Salah satu dampak dari pertarungan ini adalah semakin tajamnya kesenjangan di kalangan rakyat. Ketika oligarki bertikai, mereka sering kali menggunakan rakyat sebagai alat untuk mencapai tujuan mereka, baik melalui mobilisasi massa, manipulasi isu, maupun penyebaran disinformasi. Akibatnya, rakyat menjadi terpecah, dan upaya kolektif untuk melawan kekuasaan oligarki menjadi lebih sulit.
Di tengah situasi ini, pertanyaan yang sering muncul adalah: apakah rakyat memiliki kapasitas untuk melakukan revolusi? Sejarah Indonesia menunjukkan bahwa kekuatan rakyat tidak bisa diremehkan. Dari era perlawanan kolonial hingga Reformasi 1998, rakyat Indonesia memiliki rekam jejak dalam menggulingkan kekuasaan yang menindas. Namun, konteks hari ini berbeda. Oligarki modern memiliki kekuatan yang jauh lebih kompleks, dengan jaringan global yang mendukung mereka.
Rakyat yang terpecah dan tidak memiliki kepemimpinan yang jelas menjadi tantangan utama bagi kemungkinan revolusi. Tanpa visi yang jelas dan pemimpin yang dapat menyatukan berbagai elemen masyarakat, revolusi hanya akan menjadi impian. Namun, potensi revolusi tetap ada, terutama jika kondisi sosial-ekonomi semakin memburuk dan kepercayaan terhadap institusi formal terus menurun.
Revolusi sering kali memerlukan momentum yang kuat, baik berupa krisis ekonomi, ketidakadilan sosial yang ekstrem, atau pemimpin karismatik yang mampu menggerakkan massa. Saat ini, meskipun ada ketidakpuasan yang meluas di kalangan rakyat, momentum tersebut belum terbentuk. Banyak rakyat yang masih apatis atau terperangkap dalam isu-isu sektarian yang dipicu oleh elite.
Salah satu aspek penting yang bisa mendorong revolusi adalah kesadaran kelas. Jika rakyat mulai melihat diri mereka sebagai kelas yang tertindas oleh oligarki, solidaritas di antara mereka bisa terbentuk.
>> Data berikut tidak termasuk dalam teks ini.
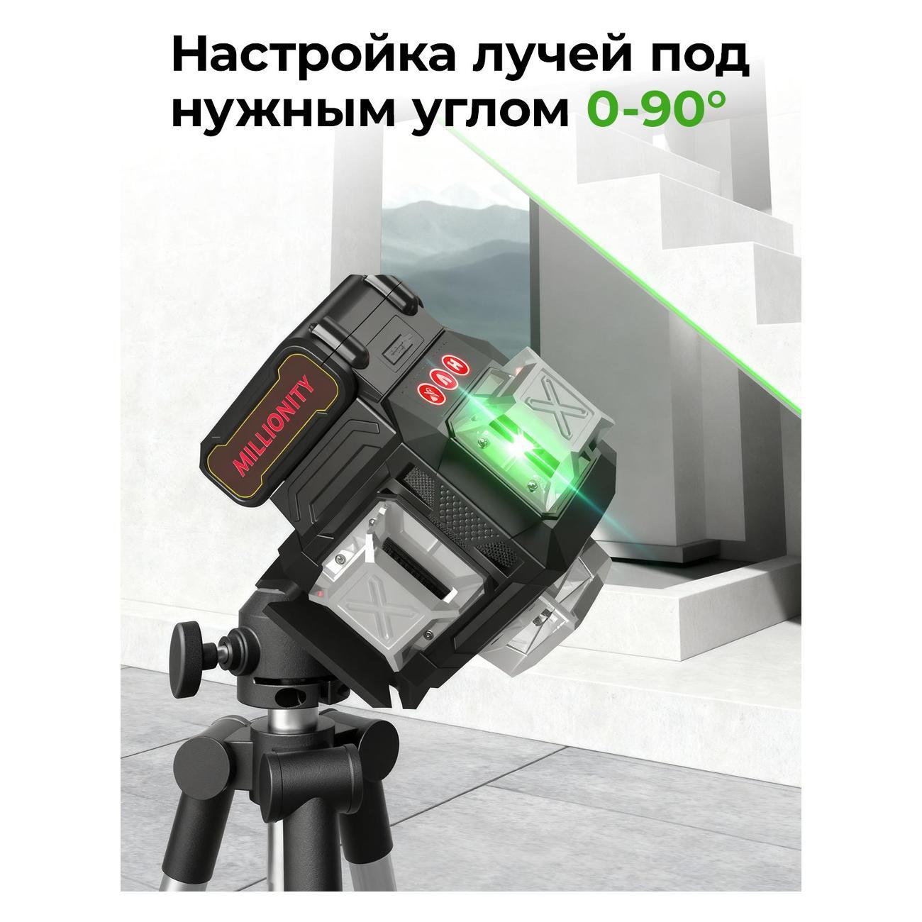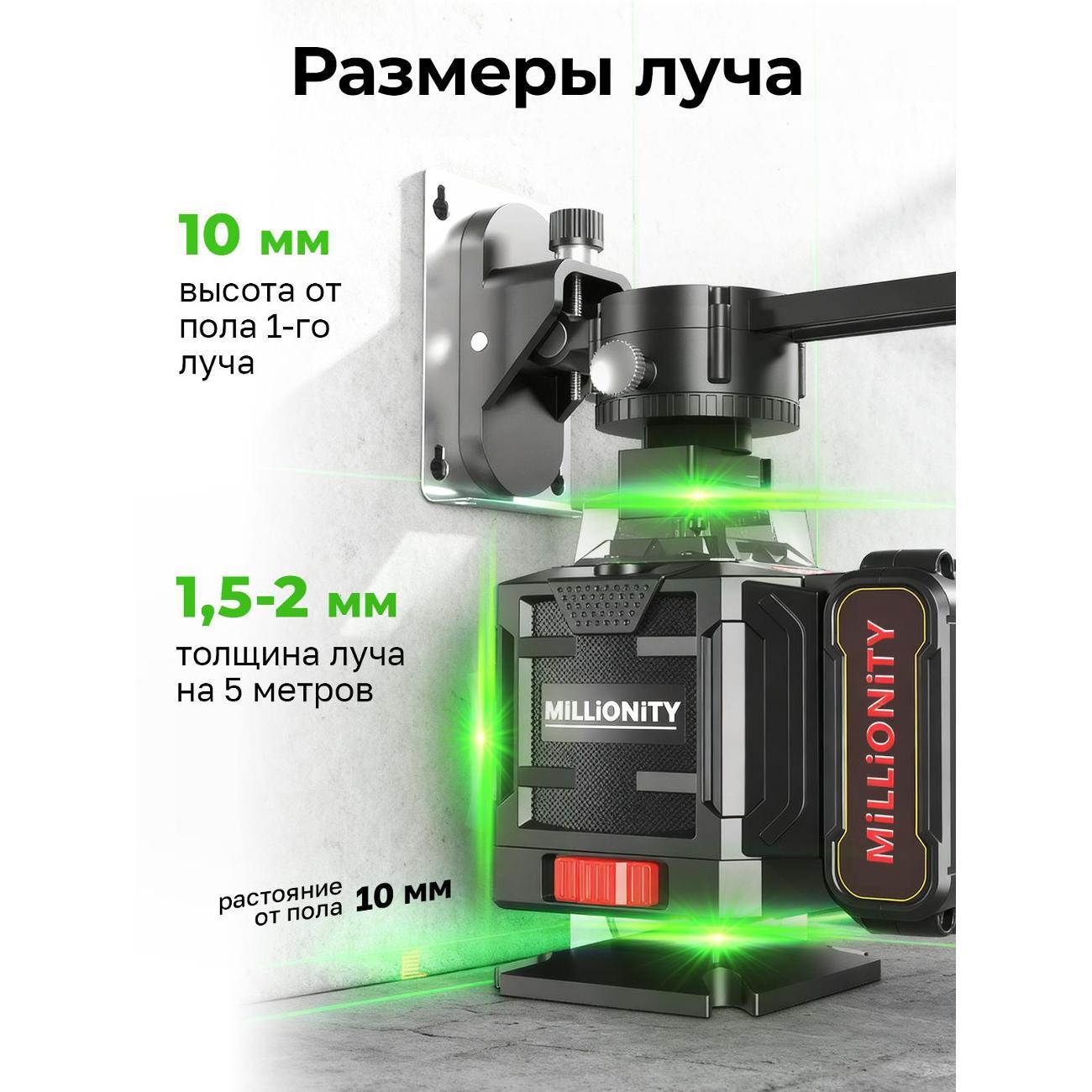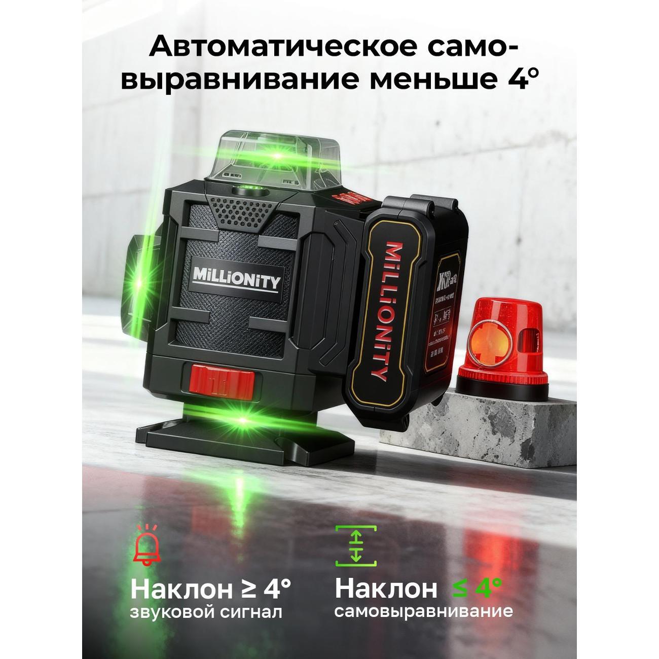 Лазерный уровень Millionity MKE-Black — самовыравнивающийся электронный прибор, который предназначен для внутренней отделки помещений, установки оборудования, выравнивания стен и пола, установки потолочных конструкций, перегородок и монтажа настенного оборудования, нивелировки настенных полок и другое.

Ini memerlukan upaya pendidikan politik dan peningkatan kesadaran kritis yang sistematis. Sayangnya, oligarki sangat menyadari potensi ini dan sering kali berusaha mengalihkan perhatian.
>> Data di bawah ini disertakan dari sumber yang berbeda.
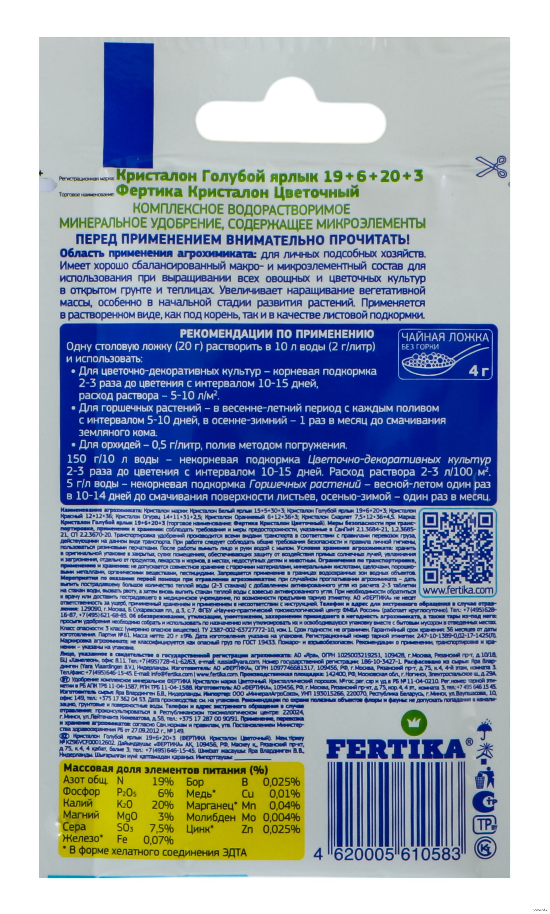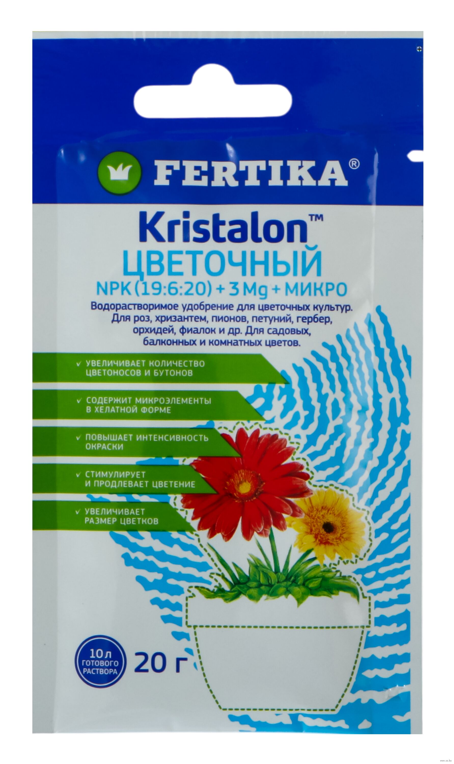 Полностью водорастворимое комплексное азотно-фосфорнокалийное удобрение, содержащее микроэлементы. Имеет хорошо сбалансированный макро- и микроэлементный состав, для использования при выращивании всех овощных и цветочных культур в открытом грунте и теплицах. Увеличивает наращивание вегетативной массы, особенно в начальной стадии развития растений.
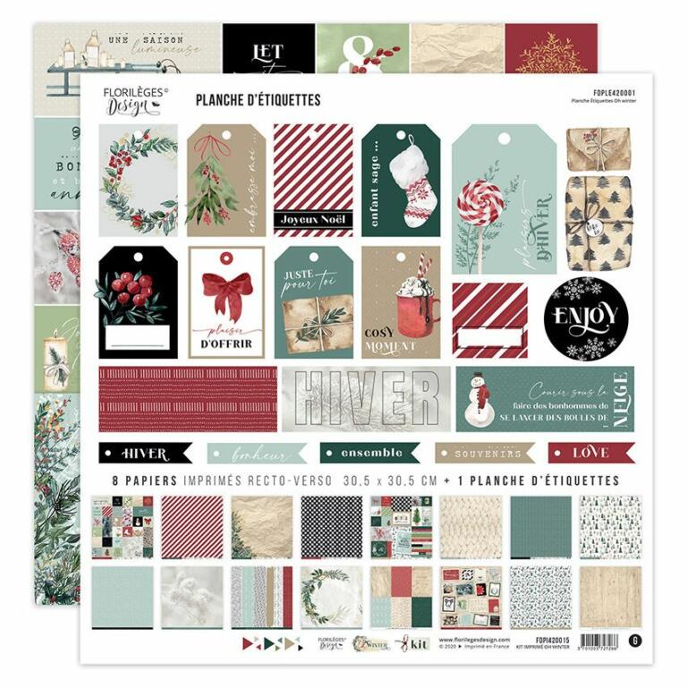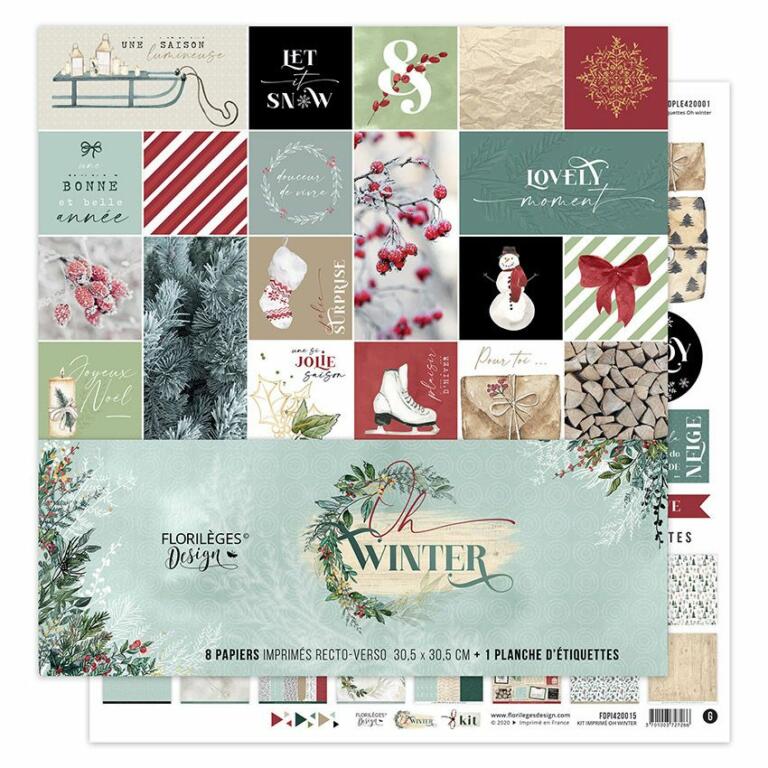Florilèges Design - Oh Winter - Le Kit de 8 Papiers + 1 planche étiquette
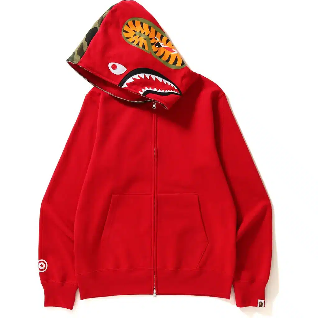 The BAPE Shark WGM Tiger Hoodie is a must-have for any streetwear enthusiast. This iconic hoodie features a large, 3D shark head on the hood, as well as a tiger head on the it. The hoodie is made of 80% cotton and 20% polyester. Making it soft and comfortable to wear. It also features a full-zip closure, a kangaroo pocket, and ribbed cuffs and hem.
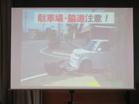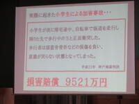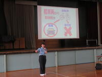 指導員の方は、自転車の正しい乗り方(どこを走るのか、交差点はどう曲がるのか…)について、スライドをで丁寧に説明してくださいました。また、交通事故の例や罰則強化にも触れ、命の大切さを教えてくださいました。

Dengan demikian, meskipun konflik diantara oligarki bisa melemahkan struktur kekuasaan mereka,revolusi rakyat tetap merupakan tantangan besar.Karena kunci keberhasilan revolusi rakyat terletak pada kesadaran kolektif, kepemimpinan yang kuat,dan kemampuan rakyat untuk mengorganisir diri kekuatan rakyat sendiri.Jika faktor-faktor inibisa dipenuhi,maka bukan tidak mungkin revolusi rakyat bisa terjadi.